= WORK ORDER =
Range to reproduce from the entries below: the line with "Generate a high-fidelity, realistic", the line with "Figure 8. Effect", and every line in between. Give them exactly and give nothing else.

= AVAILABLE DATA =

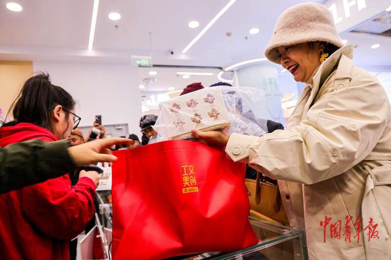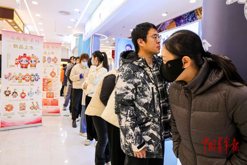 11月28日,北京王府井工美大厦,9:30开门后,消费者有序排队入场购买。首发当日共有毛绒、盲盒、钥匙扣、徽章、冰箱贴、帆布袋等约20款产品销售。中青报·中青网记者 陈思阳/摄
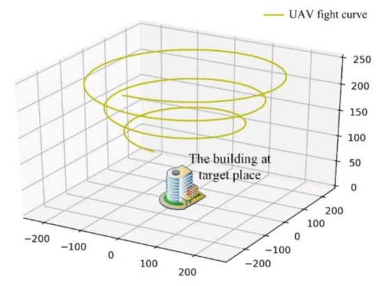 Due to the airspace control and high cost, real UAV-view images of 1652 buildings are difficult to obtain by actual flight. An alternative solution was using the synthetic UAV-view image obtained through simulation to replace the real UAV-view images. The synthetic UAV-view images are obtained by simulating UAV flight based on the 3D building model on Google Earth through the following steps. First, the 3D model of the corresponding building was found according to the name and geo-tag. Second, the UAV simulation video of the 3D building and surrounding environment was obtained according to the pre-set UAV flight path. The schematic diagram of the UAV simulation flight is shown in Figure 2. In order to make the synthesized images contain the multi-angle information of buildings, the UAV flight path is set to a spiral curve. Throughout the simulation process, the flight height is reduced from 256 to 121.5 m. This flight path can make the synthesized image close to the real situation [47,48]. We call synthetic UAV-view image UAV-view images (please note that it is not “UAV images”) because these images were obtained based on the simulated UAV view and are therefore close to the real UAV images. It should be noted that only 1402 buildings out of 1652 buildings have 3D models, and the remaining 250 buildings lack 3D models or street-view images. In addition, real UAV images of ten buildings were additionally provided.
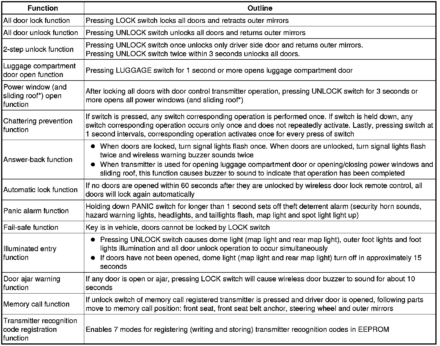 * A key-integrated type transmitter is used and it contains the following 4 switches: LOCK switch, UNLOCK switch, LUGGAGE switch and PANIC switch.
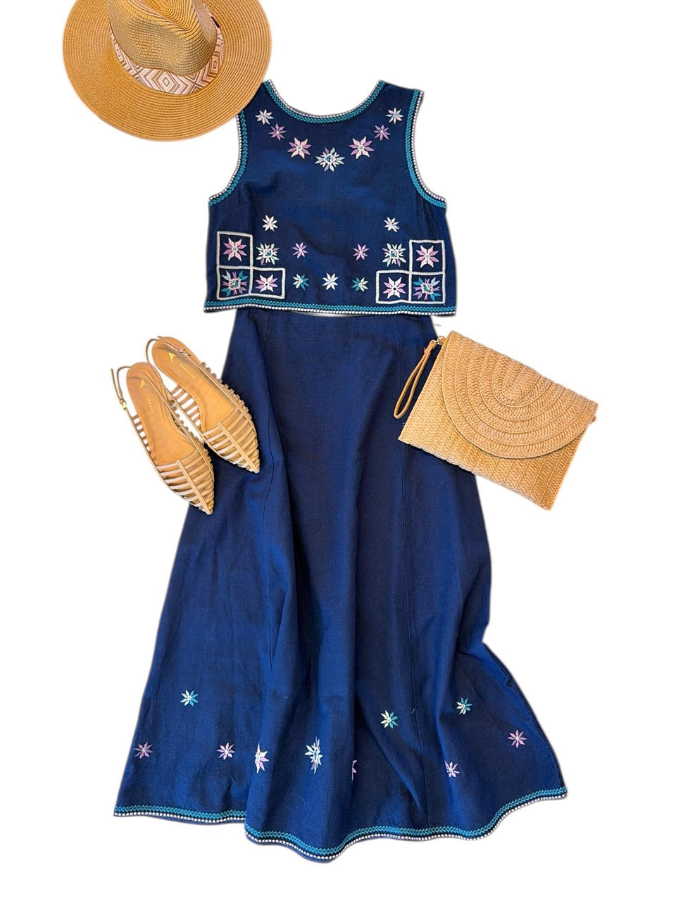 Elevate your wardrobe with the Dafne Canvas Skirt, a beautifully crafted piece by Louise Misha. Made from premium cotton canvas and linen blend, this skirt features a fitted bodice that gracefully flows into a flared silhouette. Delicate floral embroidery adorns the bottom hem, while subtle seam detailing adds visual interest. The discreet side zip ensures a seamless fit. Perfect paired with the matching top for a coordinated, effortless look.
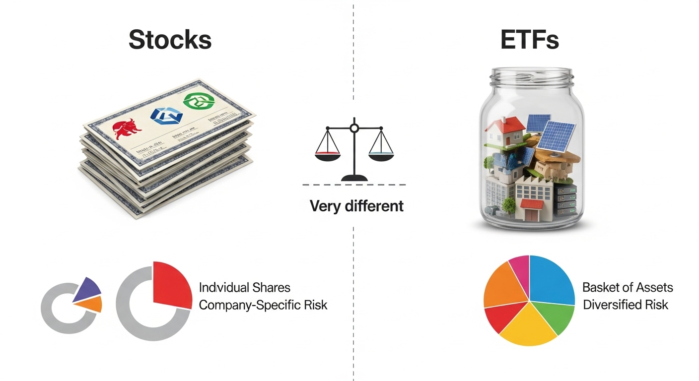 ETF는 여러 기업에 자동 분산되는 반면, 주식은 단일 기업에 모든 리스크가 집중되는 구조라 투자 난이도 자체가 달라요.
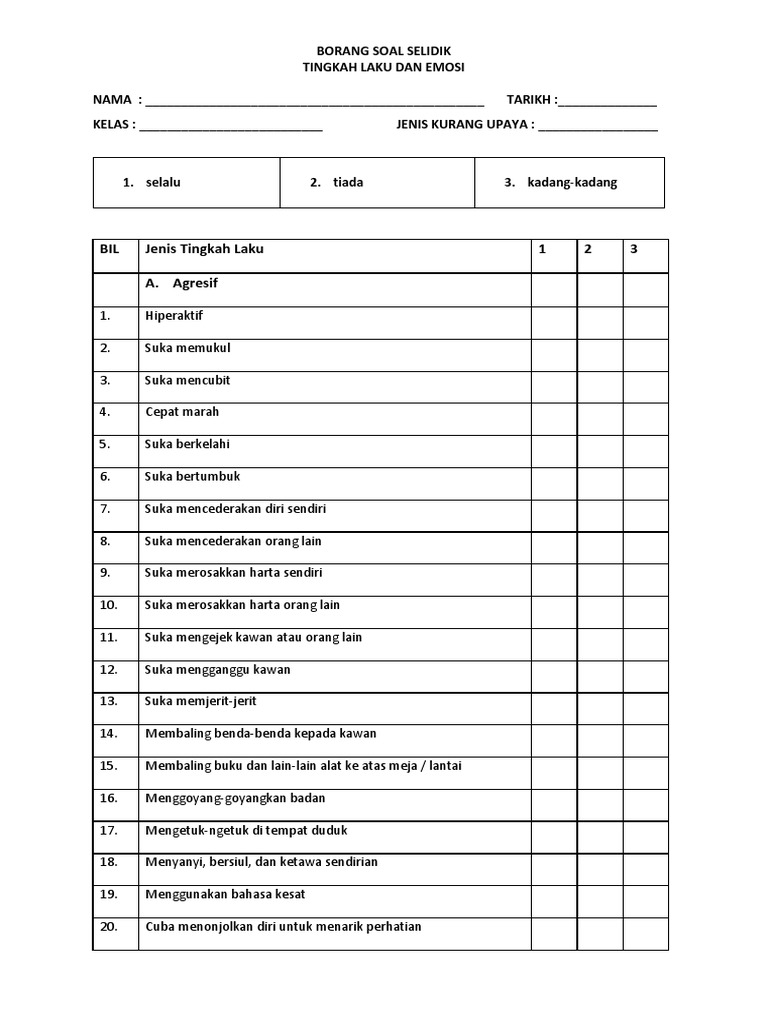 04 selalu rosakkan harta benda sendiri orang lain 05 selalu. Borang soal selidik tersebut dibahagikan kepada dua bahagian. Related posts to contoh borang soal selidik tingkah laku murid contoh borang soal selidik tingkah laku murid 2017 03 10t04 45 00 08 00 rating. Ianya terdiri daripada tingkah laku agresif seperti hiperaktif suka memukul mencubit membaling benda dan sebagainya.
==
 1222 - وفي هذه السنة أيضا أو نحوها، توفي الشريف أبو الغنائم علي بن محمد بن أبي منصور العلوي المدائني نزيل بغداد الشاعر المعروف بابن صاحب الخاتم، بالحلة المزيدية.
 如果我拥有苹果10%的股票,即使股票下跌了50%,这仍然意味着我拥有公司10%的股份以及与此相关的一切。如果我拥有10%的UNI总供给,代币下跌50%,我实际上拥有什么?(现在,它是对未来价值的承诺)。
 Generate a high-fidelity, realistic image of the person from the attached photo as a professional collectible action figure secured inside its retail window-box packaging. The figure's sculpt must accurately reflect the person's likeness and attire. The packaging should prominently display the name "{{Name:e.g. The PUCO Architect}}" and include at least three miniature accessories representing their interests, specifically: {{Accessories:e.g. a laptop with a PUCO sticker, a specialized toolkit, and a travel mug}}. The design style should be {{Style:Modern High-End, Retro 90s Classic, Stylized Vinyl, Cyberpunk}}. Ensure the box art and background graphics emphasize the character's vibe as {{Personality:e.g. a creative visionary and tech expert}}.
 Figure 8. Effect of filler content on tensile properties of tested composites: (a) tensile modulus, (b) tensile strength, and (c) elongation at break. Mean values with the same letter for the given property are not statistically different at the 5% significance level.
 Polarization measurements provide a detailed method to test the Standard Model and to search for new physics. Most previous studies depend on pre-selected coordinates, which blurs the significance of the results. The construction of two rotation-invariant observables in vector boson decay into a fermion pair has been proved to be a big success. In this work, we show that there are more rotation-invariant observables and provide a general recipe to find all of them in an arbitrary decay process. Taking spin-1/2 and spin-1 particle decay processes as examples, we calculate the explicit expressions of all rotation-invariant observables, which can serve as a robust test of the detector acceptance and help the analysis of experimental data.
* * *
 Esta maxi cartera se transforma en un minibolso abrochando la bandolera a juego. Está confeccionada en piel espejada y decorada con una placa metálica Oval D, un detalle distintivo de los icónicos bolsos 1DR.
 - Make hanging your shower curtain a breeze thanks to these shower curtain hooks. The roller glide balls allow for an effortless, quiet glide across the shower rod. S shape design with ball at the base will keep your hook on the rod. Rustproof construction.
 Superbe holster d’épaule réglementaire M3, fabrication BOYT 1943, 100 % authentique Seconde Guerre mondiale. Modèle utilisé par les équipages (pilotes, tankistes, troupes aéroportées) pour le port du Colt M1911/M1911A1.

= SOLUTION FOR THIS PROBLEM =
 Generate a high-fidelity, realistic image of the person from the attached photo as a professional collectible action figure secured inside its retail window-box packaging. The figure's sculpt must accurately reflect the person's likeness and attire. The packaging should prominently display the name "{{Name:e.g. The PUCO Architect}}" and include at least three miniature accessories representing their interests, specifically: {{Accessories:e.g. a laptop with a PUCO sticker, a specialized toolkit, and a travel mug}}. The design style should be {{Style:Modern High-End, Retro 90s Classic, Stylized Vinyl, Cyberpunk}}. Ensure the box art and background graphics emphasize the character's vibe as {{Personality:e.g. a creative visionary and tech expert}}.
 Figure 8. Effect of filler content on tensile properties of tested composites: (a) tensile modulus, (b) tensile strength, and (c) elongation at break. Mean values with the same letter for the given property are not statistically different at the 5% significance level.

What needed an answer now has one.